Work request - Give back each entry exactly as written, apart from the pictures.

Data for processing -
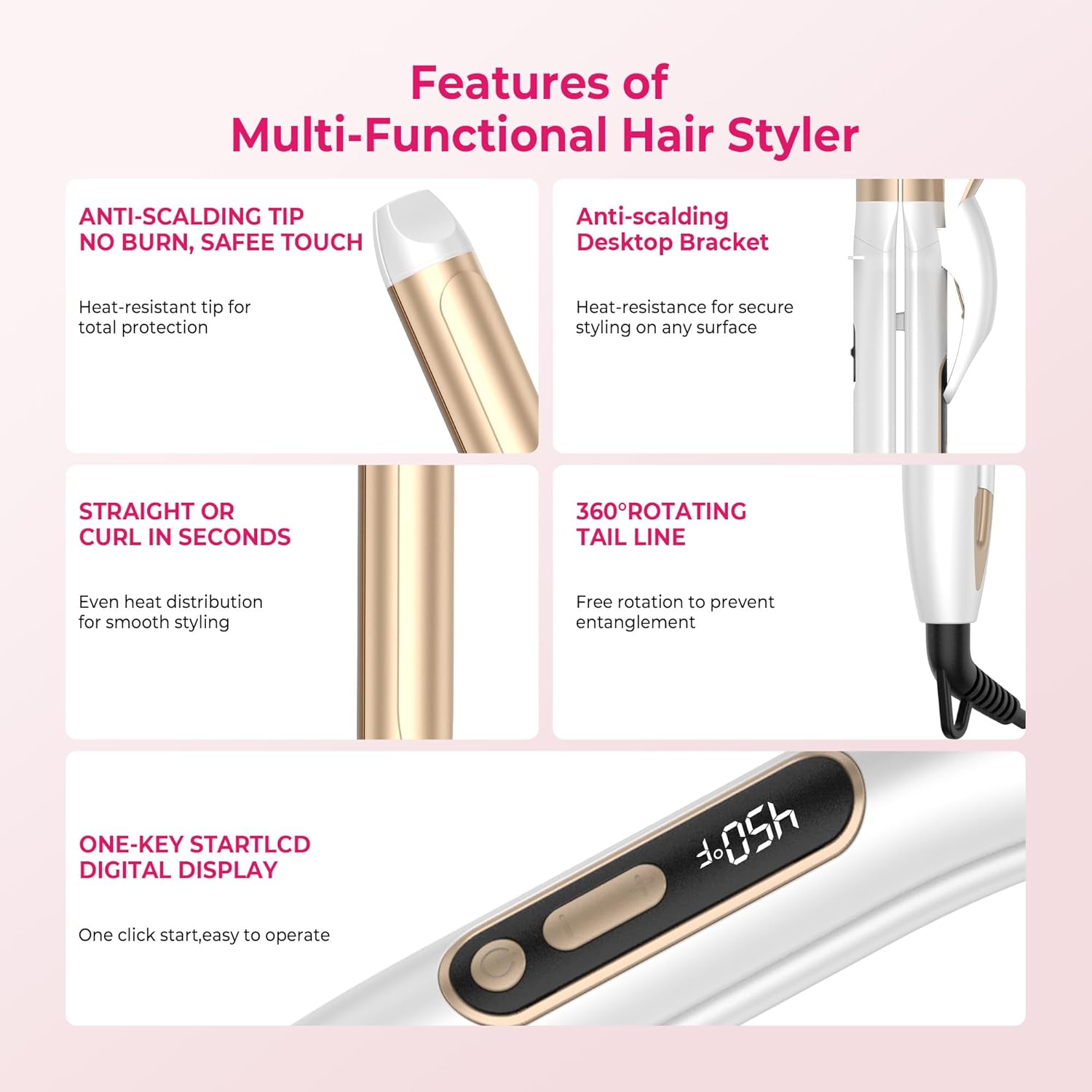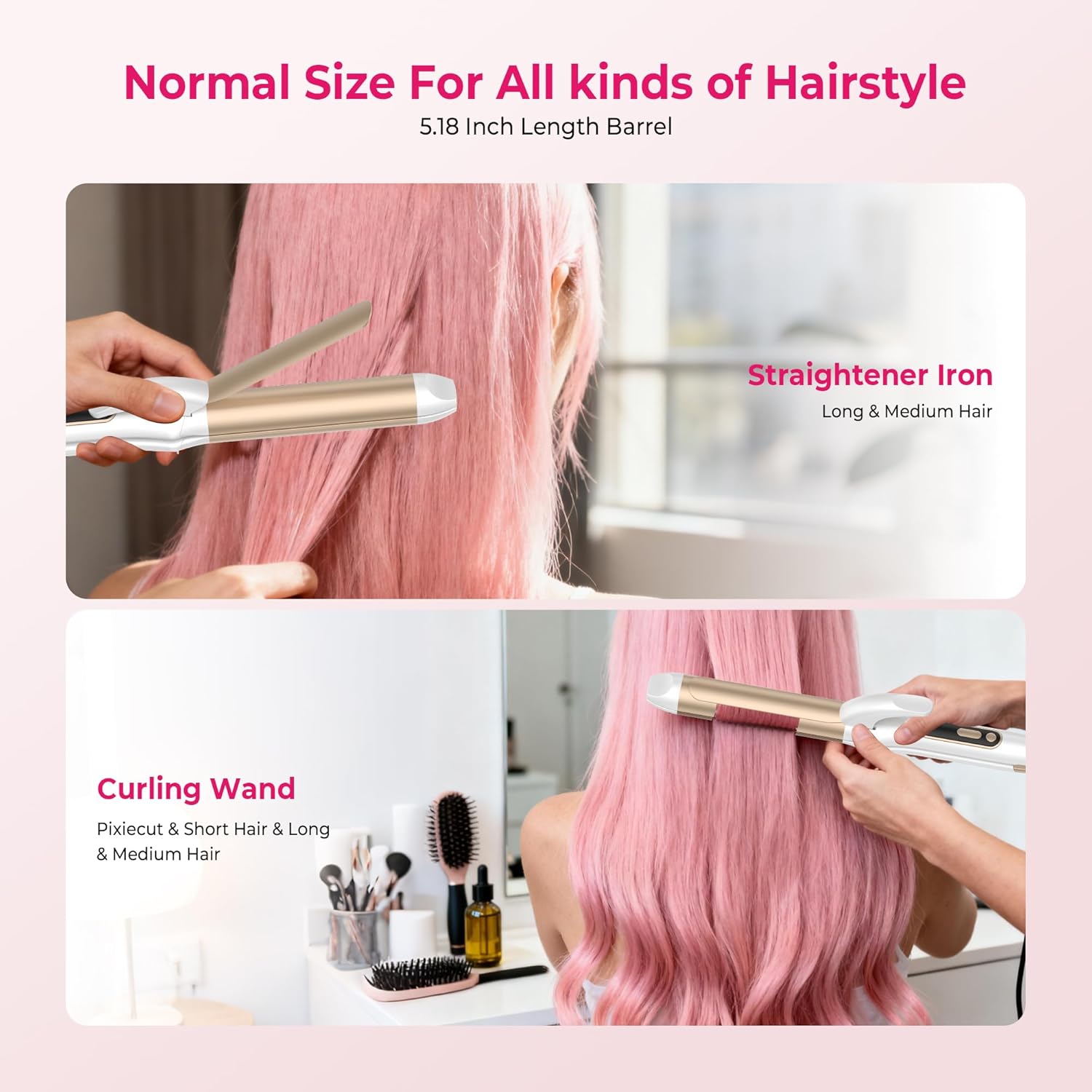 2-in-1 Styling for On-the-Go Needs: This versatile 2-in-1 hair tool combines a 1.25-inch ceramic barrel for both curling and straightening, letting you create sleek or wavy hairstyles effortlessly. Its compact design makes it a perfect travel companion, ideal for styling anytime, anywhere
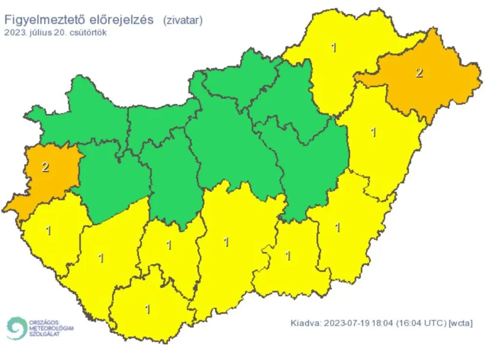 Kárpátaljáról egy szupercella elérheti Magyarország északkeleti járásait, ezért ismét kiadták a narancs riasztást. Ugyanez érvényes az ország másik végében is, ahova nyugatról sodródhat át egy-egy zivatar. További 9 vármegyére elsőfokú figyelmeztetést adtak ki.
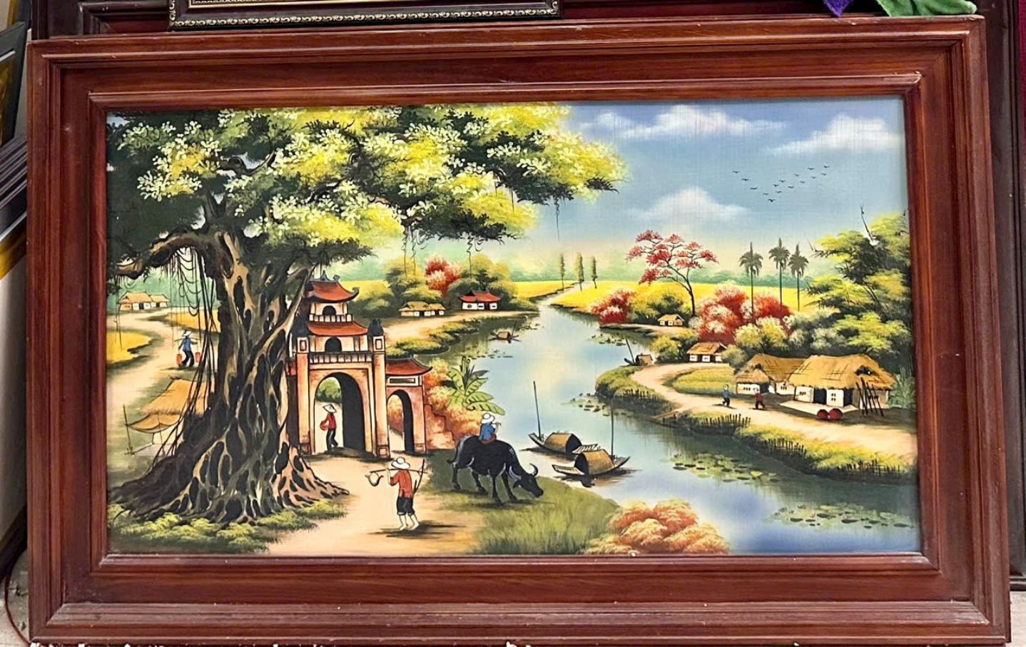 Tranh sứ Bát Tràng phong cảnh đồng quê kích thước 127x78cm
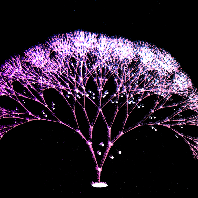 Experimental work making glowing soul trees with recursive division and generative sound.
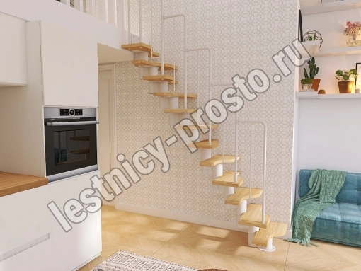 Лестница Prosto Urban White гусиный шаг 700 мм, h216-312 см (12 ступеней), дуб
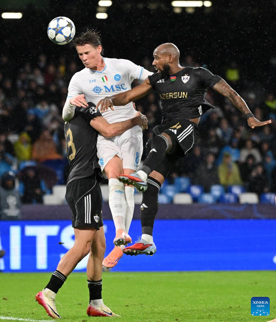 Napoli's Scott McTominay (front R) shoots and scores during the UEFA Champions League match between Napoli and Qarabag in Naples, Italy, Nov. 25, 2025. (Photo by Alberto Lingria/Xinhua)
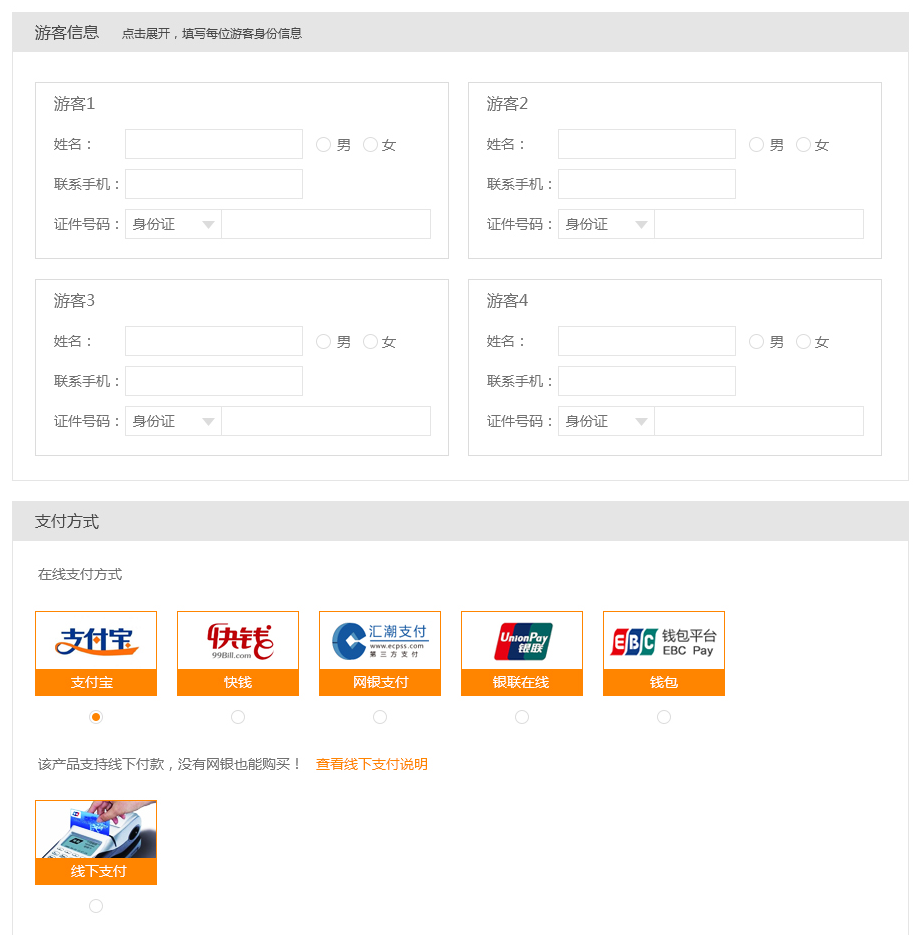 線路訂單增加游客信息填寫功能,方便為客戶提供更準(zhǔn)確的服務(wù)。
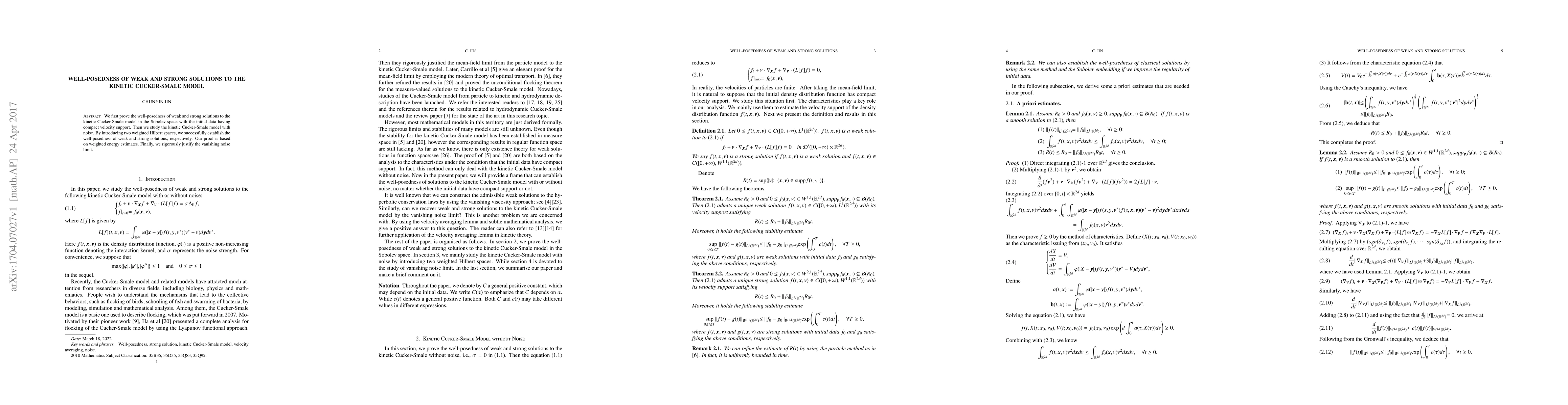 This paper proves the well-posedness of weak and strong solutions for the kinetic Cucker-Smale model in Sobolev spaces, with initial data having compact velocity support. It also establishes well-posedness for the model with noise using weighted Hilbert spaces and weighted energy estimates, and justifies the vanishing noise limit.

Task response -
 2-in-1 Styling for On-the-Go Needs: This versatile 2-in-1 hair tool combines a 1.25-inch ceramic barrel for both curling and straightening, letting you create sleek or wavy hairstyles effortlessly. Its compact design makes it a perfect travel companion, ideal for styling anytime, anywhere
 Kárpátaljáról egy szupercella elérheti Magyarország északkeleti járásait, ezért ismét kiadták a narancs riasztást. Ugyanez érvényes az ország másik végében is, ahova nyugatról sodródhat át egy-egy zivatar. További 9 vármegyére elsőfokú figyelmeztetést adtak ki.
 Tranh sứ Bát Tràng phong cảnh đồng quê kích thước 127x78cm
 Experimental work making glowing soul trees with recursive division and generative sound.
 Лестница Prosto Urban White гусиный шаг 700 мм, h216-312 см (12 ступеней), дуб
 Napoli's Scott McTominay (front R) shoots and scores during the UEFA Champions League match between Napoli and Qarabag in Naples, Italy, Nov. 25, 2025. (Photo by Alberto Lingria/Xinhua)
 線路訂單增加游客信息填寫功能,方便為客戶提供更準(zhǔn)確的服務(wù)。
 This paper proves the well-posedness of weak and strong solutions for the kinetic Cucker-Smale model in Sobolev spaces, with initial data having compact velocity support. It also establishes well-posedness for the model with noise using weighted Hilbert spaces and weighted energy estimates, and justifies the vanishing noise limit.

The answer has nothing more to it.